KEYWORDS: Toxoplasma gondii, animal models, cytochromes, drug discovery, electron transport, experimental therapeutics
ABSTRACT
Toxoplasmosis is a potentially fatal infection for immunocompromised people and the developing fetus. Current medicines for toxoplasmosis have high rates of adverse effects that interfere with therapeutic and prophylactic regimens. Endochin-like quinolones (ELQs) are potent inhibitors of Toxoplasma gondii proliferation in vitro and in animal models of acute and latent infection. ELQ-316, in particular, was found to be effective orally against acute toxoplasmosis in mice and highly selective for T. gondii cytochrome b over human cytochrome b. Despite its oral efficacy, the high crystallinity of ELQ-316 limits oral absorption, plasma concentrations, and therapeutic potential. A carbonate ester prodrug of ELQ-316, ELQ-334, was created to decrease crystallinity and increase oral bioavailability, which resulted in a 6-fold increase in both the maximum plasma concentration (Cmax) and the area under the curve (AUC) of ELQ-316. The increased bioavailability of ELQ-316, when administered as ELQ-334, resulted in efficacy against acute toxoplasmosis greater than that of an equivalent dose of ELQ-316 and had efficacy against latent toxoplasmosis similar to that of ELQ-316 administered intraperitoneally.
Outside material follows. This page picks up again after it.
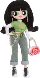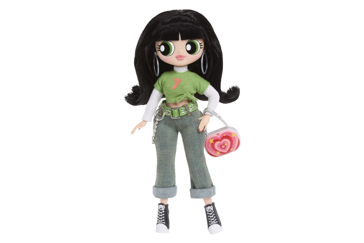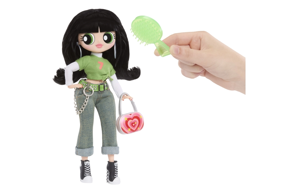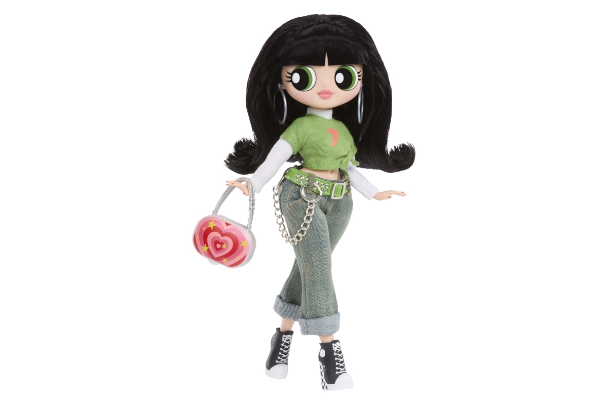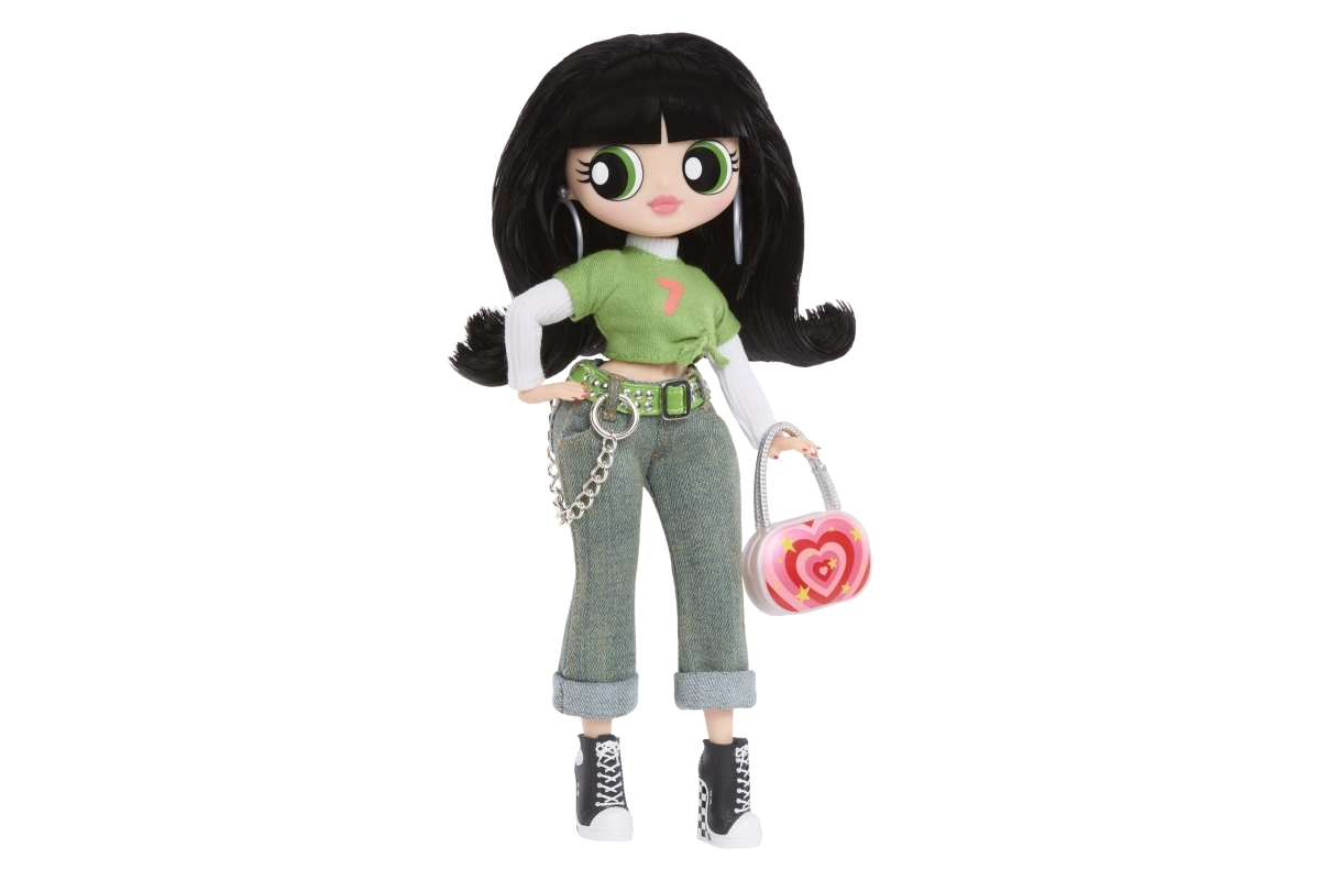 Zelený crop top, džíny s řetízkem a černé tenisky doplňuje výrazná kabelka a náušnice – ikonický vzhled Buttercup v L.O.L. provedení.

Treatment with carbonate ester prodrugs is a successful strategy to overcome the limited oral bioavailability of ELQs for the treatment of toxoplasmosis.
INTRODUCTION
Toxoplasma gondii infection is highly prevalent in humans, parasitizing billions of people (1). In the great majority of infections, symptoms are not appreciable; however, infected individuals are at risk of developing toxoplasmosis if they become immunologically compromised by HIV infection, cancer, or immunosuppressive therapies. Infection during pregnancy can cause fetal demise and severe congenital neurological and ocular damage. Outside of immunocompromised populations, otherwise healthy people may develop eye disease from T. gondii infection that can progress to blindness. Additionally, T. gondii causes severe infection in wild and domesticated animals and may threaten endangered species (2, 3).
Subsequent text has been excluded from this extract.